Piccolino operates out of the TekRidge Center in the Jessup Small Business Center, next to the Valley View Business Park, one of the Greater Scranton Chamber of Commerce’s two incubator sites. The incubator program provides subsidized rent and help in finding grants, tax credits and networking opportunities with other technology talent. “Innovation can happen here and it does happen here,” said Aaron Whitney, the facilities manager at the Chamber who maintains the spaces.
Built in 2013, TekRidge is home to seven companies and has room for up to two more, Whitney said. Another three companies reside in the downtown Scranton Enterprise Center incubator location, which can house up to 17. In total, 34 companies have graduated from the program since it began in 2003.
Durkin, the head of the Greater Scranton Chamber of Commerce, believes perception is part of the city’s problem. Scranton has jobs, he said, but a skills mismatch means they can’t always be filled, such as in medicine and advanced manufacturing. “If you don’t have the qualified workers, you’re not going to have the jobs,” he said, “and if you don’t have the jobs, then how do you attract qualified workers?”
On Nov. 1, a search on Pennsylvania’s CareerLink job board showed 679 jobs openings within 10 miles of Scranton posted in just the last 30 days: 170 in the “Office and Administrative Support” category, and 99 in the “Healthcare Practitioner and Technical” category. Durkin said CareerLink is an underestimate, with the biggest employers posting on their own websites. Students need higher education, not just high school, to take on these quality jobs, he said.
Jim Mulligan, an attorney who lost the mayor’s race in 2013 and is running again next term, said the challenge is creating family-sustaining jobs as young people move away for better economic opportunities. “Our tax base is shrinking, it’s elderly, the taxes keep going up, people are leaving the city,” he said.
Nevertheless, Mulligan is hopeful that medical and technology companies will grow and retain the students who fall in love with Scranton while in school but leave for better jobs.
Mandy Pennington, 28, grew up 40 minutes away in Dallas, PA, and stayed in Scranton after attending Marywood University even while commuting to work in nearby towns after college. She joined Scranton company Net Driven two years ago, bringing her downtown to the Scranton Enterprise Center, and worked her way up to director of internet marketing.

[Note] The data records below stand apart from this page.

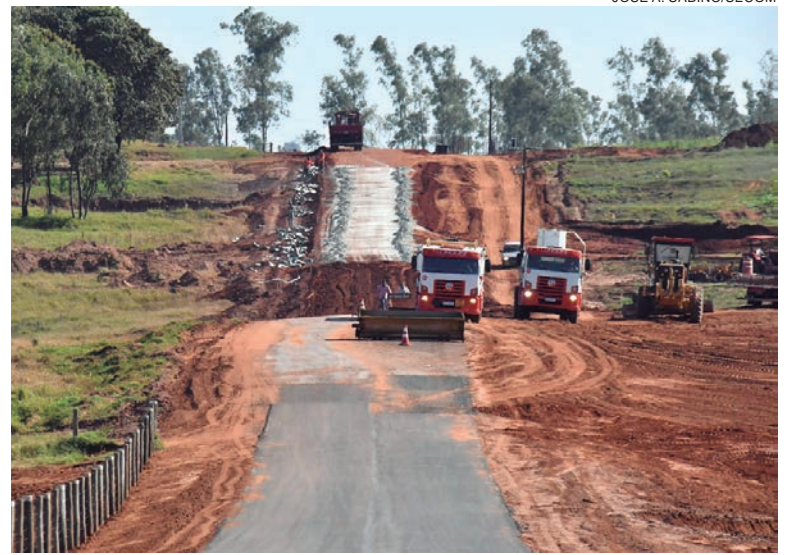
Em fevereiro deste ano a Prefeitura emitiu a ordem de serviço para o asfalto da Canelinha, dando continuidade ao projeto de Pozzobom

A pavimentação é executada pela Construtora Longuini, com prazo de obras estabelecido em seis meses a partir da ordem de serviço – podendo ser estendido em virtude de fatores externos, como intempéries climáticas. Alguns pontos já recebem o gramado que será implantado nas faixas laterais e os moradores já estão recolocando as cercas na posição, aproveitando a comodidade do acesso asfaltado às suas propriedades.
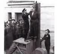
Odsouzen a veřejně popraven 26. ŘÍJNA 1946 v litoměřické věznici.
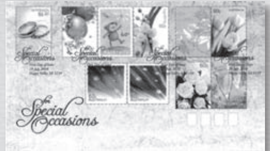
▶ ซองวันแรกจำหน่าย

๔. สมุดแสดมภ์พก (Booklet) เหมาะสำหรับผู้ที่เขียนจดหมายบ่อยๆ และต้องการใช้แสดมภ์ติดจดหมาย ไปรษณีย์ออสเตรเลียจึงจัดพิมพ์สมุดแสดมภ์พก บรรจุแสดมภ์ ๑๐ ดวงต่อเล่มเพื่อให้ประชาชนหาซื้อไปพกติดกระเป๋าสะดวก เมื่อ
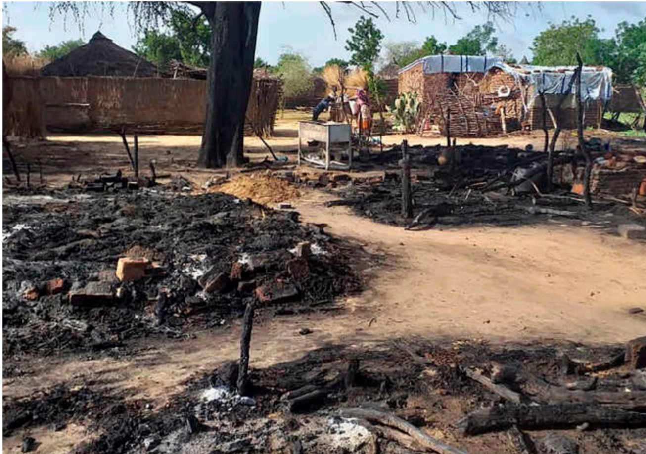
آثار هجوم مسلح على قرية مستري في ولاية غرب دار فور

الصباح الجديد - متابعة: كان المسلحون يرتدون الزي العسكري وملثمين، ولا نعلم من هم، وأطلقوا الذخيرة الحية مباشرة بعد إيقاف السيارة وسط النهار
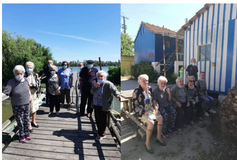
Visita à Palhota
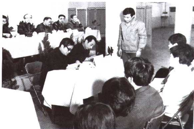
1989年1月北京化工机械厂全员劳动合同制签约鉴证现场
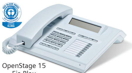
OpenStage 15 Eis-Blau
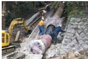
▲水力発電管路(水圧管)

An incubator success story, the company builds websites and provides digital marketing for auto companies. “Because of the internet, there are jobs here if you look back 10, 20 years ago you would have had to go to a major city to be able to find,” she said.
Founded in 2007 by a Scranton local, Net Driven was bought by California-based Internet Brands last year. The company employs 62 in Scranton, plus another seven in Duluth, MN.

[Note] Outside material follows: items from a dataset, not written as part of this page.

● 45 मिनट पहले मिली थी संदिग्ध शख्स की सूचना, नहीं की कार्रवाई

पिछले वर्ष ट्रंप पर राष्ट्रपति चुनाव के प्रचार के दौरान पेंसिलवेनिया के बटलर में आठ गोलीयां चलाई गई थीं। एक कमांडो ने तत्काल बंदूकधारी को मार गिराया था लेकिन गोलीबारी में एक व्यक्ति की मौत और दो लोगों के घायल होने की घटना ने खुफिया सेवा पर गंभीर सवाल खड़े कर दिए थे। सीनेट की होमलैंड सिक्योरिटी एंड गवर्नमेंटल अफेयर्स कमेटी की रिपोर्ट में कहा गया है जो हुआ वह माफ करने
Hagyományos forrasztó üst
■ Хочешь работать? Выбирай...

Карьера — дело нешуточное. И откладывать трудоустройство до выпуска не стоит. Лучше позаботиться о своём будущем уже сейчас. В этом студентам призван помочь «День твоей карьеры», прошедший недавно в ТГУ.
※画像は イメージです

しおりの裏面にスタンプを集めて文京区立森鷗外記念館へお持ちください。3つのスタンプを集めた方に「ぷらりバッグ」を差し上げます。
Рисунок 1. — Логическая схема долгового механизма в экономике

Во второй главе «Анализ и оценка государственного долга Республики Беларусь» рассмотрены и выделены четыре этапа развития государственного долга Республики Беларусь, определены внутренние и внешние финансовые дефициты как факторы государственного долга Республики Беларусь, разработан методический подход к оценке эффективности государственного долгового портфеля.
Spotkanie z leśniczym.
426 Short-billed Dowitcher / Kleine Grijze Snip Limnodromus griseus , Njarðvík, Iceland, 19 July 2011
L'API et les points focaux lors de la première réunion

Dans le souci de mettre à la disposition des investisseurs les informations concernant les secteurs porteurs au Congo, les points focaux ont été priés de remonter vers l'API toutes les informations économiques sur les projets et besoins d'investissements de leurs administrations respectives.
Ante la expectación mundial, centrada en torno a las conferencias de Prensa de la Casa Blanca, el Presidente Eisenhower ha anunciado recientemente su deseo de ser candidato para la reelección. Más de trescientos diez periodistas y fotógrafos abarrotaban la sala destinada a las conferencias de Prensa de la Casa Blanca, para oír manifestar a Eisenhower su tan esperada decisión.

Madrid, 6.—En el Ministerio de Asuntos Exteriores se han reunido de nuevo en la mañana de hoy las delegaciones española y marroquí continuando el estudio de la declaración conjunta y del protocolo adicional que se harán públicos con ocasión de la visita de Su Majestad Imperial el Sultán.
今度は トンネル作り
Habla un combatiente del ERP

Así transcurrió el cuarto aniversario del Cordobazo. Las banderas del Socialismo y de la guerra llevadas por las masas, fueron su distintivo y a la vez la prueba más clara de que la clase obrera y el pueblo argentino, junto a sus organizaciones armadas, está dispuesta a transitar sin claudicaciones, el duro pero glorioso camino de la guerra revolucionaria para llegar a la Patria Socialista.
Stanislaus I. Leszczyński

The Friday before Halloween, the Net Driven office was decked out with Harry Potter decorations. Fake barbed wire fence hung over cubicles to look like a scene from Jurassic Park. The scene looked like a company and culture one would find in Silicon Valley – far from the image of the city painted by the presidential candidates. Despite what Trump says about coal and manufacturing, and the nostalgia Clinton and Biden describe, some of today’s Scrantonians see a different future for the city.
“When I talk to people who are in my age group or people who are currently living or working in Scranton, I don’t think anybody is looking for these manufacturing jobs to come back,” Pennington said. “We’re looking ahead and saying, ‘What can we do with the resources we have to redefine our region?”